I'm not familiar with Docker on M1, but I would guess that using --platform arm64v8 or FROM arm64v8/python:3 would fetch the aarch64 image. I don't know if those will run natively, but I would give it a try. Then, inside that arm image, use cargo build --target x86_64-unknown-linux-gnu to cross-compile to amd64 (after installing the requisite cross toolchain stuff).

lexicalunit commented 2 years ago

So on macOS the Docker VM is already running aarch64 Linux AFAIK:

$ nc -U ~/Library/Containers/com.docker.docker/Data/debug-shell.sock .
/ # uname -a
Linux docker-desktop 5.10.76-linuxkit #1 SMP PREEMPT Mon Nov 8 11:22:26 UTC 2021 aarch64 Linux

The only want I know of to specify the platform in the FROM statement of a Dockerfile is via adding --platform=xxx to it.

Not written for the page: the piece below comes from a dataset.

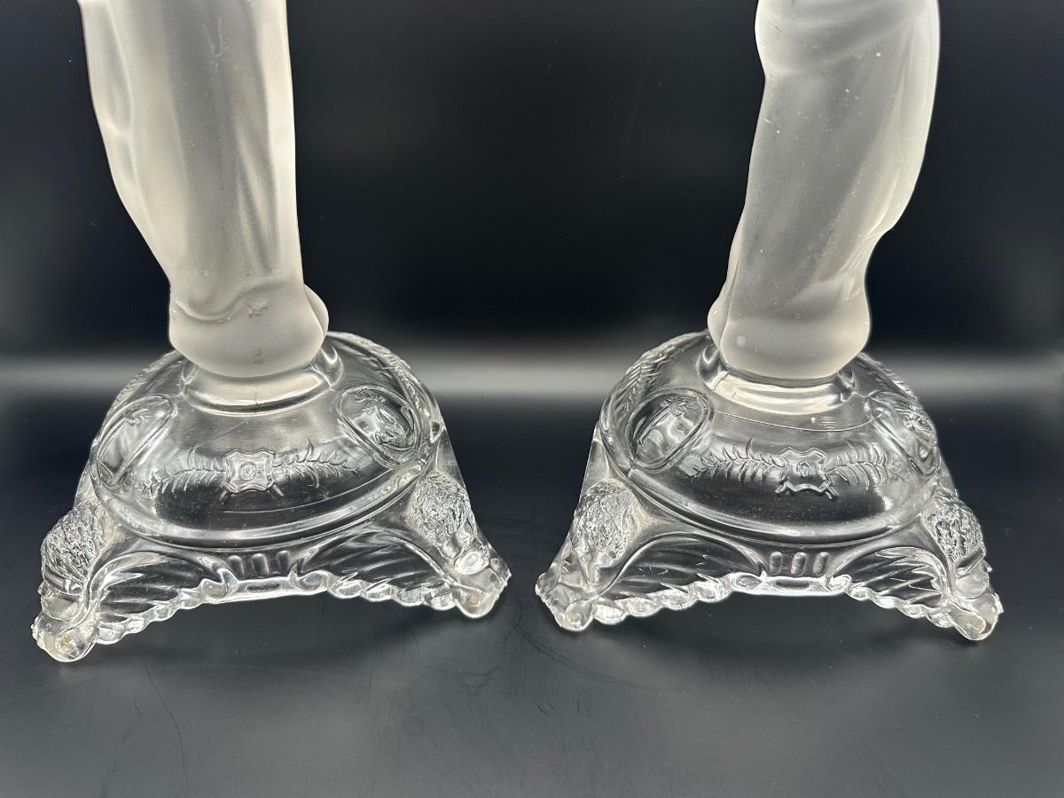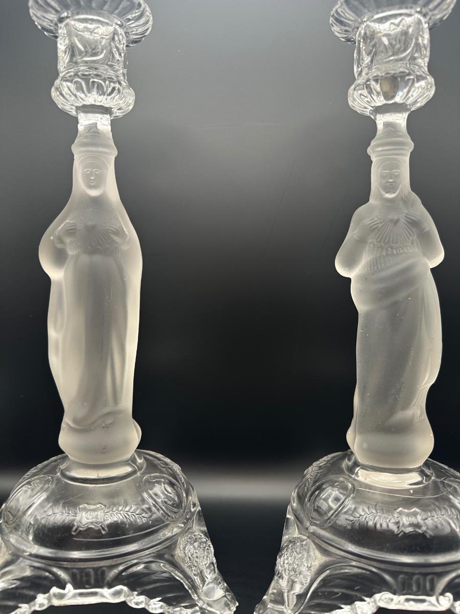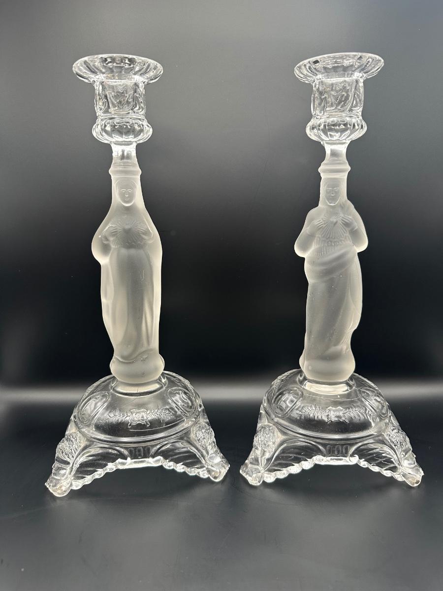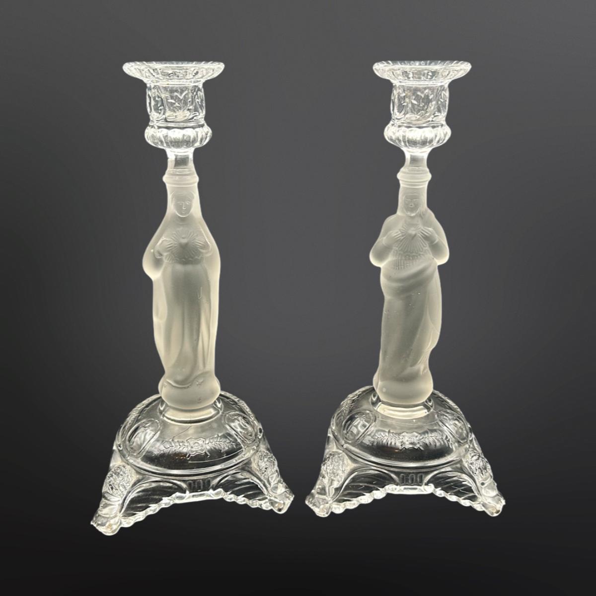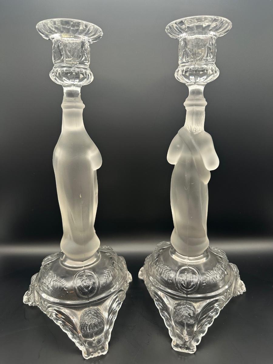 Pair of Vintage Frosted Glass Religious Figural Candle Holders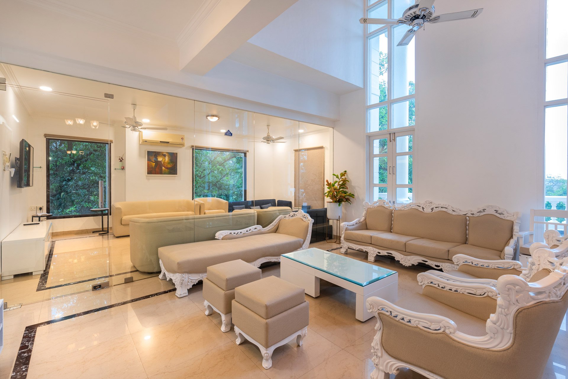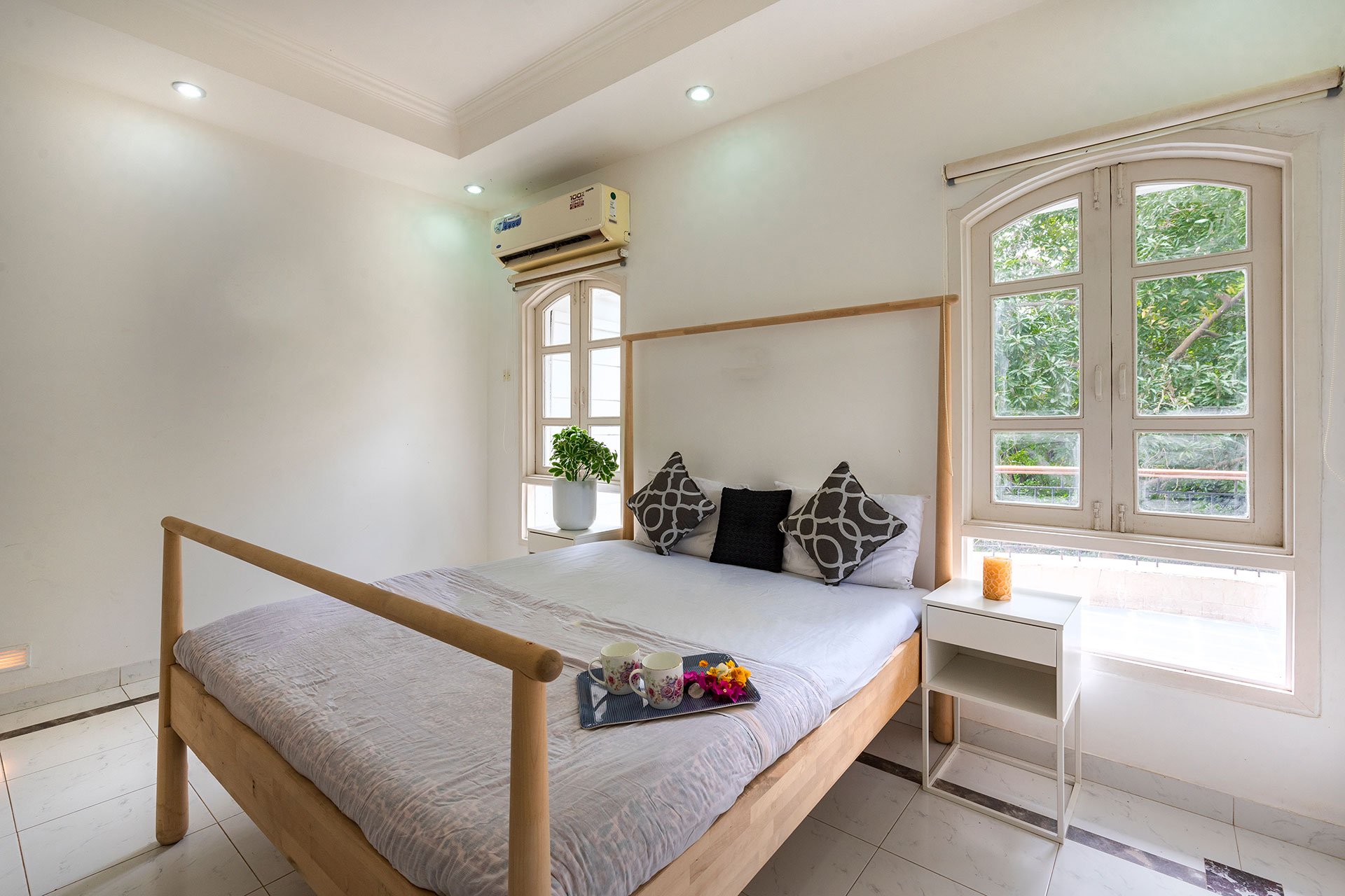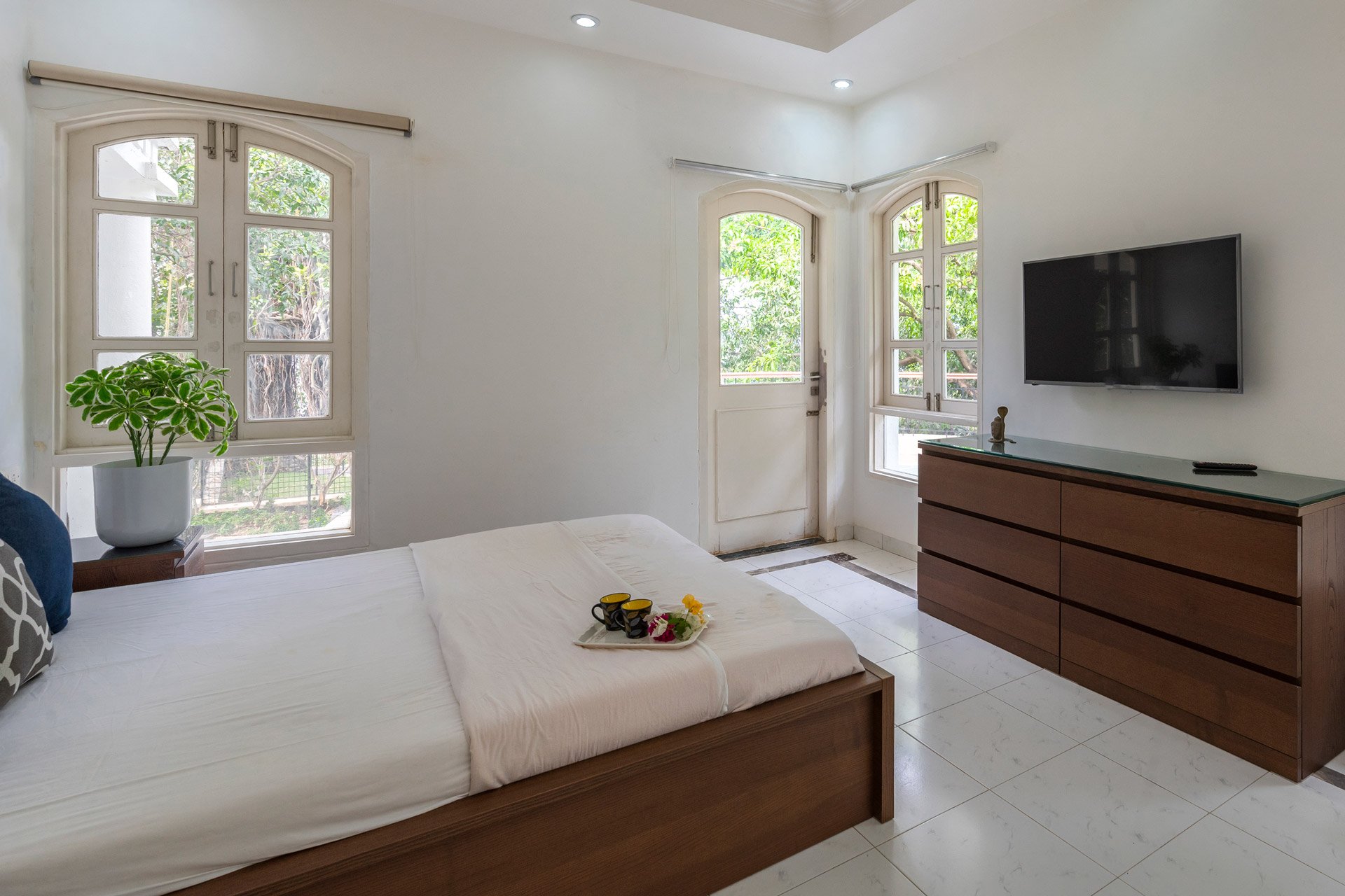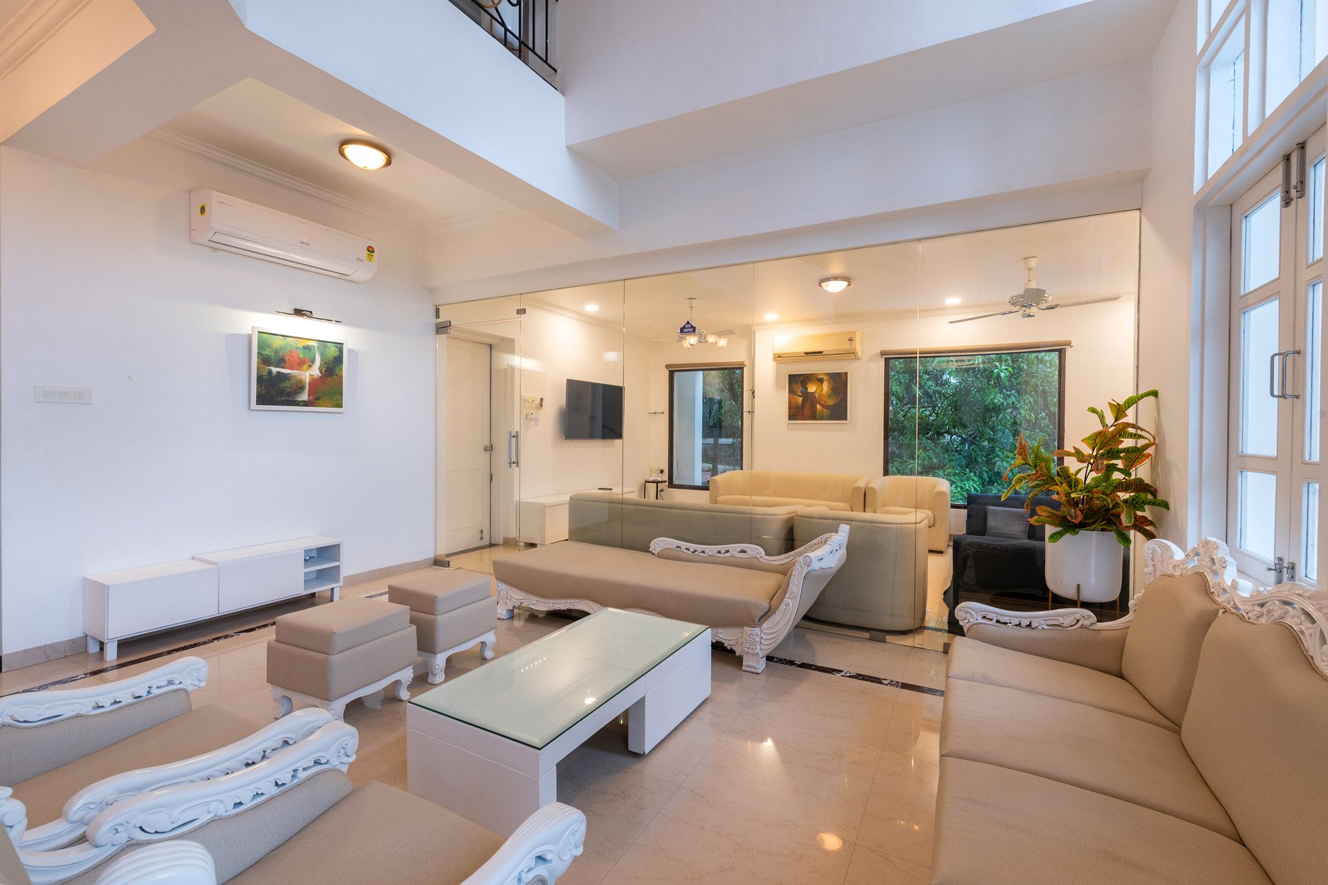Ivory Crest is a palatial 7BHK villa that exudes grandeur with its tall pillars, spacious interiors and roomy corridors. What will particularly catch your attention is the massive private pool with a waterfall, which is perfect for family stays with kids. The hall and lawn area has ample seating arrangement for a large group gathering. There is a children play area at the back lawn, overlooking the lake, which comprises swings. And, don’t miss the banyan tree for a great photo-op!

It's just that I'm running the docker CLI from a M1 terminal, so I need to specify linux/amd64 since that is no longer the default in that context.

I wouldn't want to do --platform arm64v8 because then I'd be building a image with Python built for arm64v8. I need to deploy to a amd64 machine.

ehuss commented 2 years ago

I wouldn't want to do --platform arm64v8 because then I'd be building a image with Python built for arm64v8. I need to deploy to a amd64 machine.

My suggestion is to use the --target flag to target x86_64 using cross-compilation. Most Linux package managers support installing packages to help with cross-compiling. It's not clear if you have other requirements that make that difficult. Overall I would suggest avoiding qemu if at all possible.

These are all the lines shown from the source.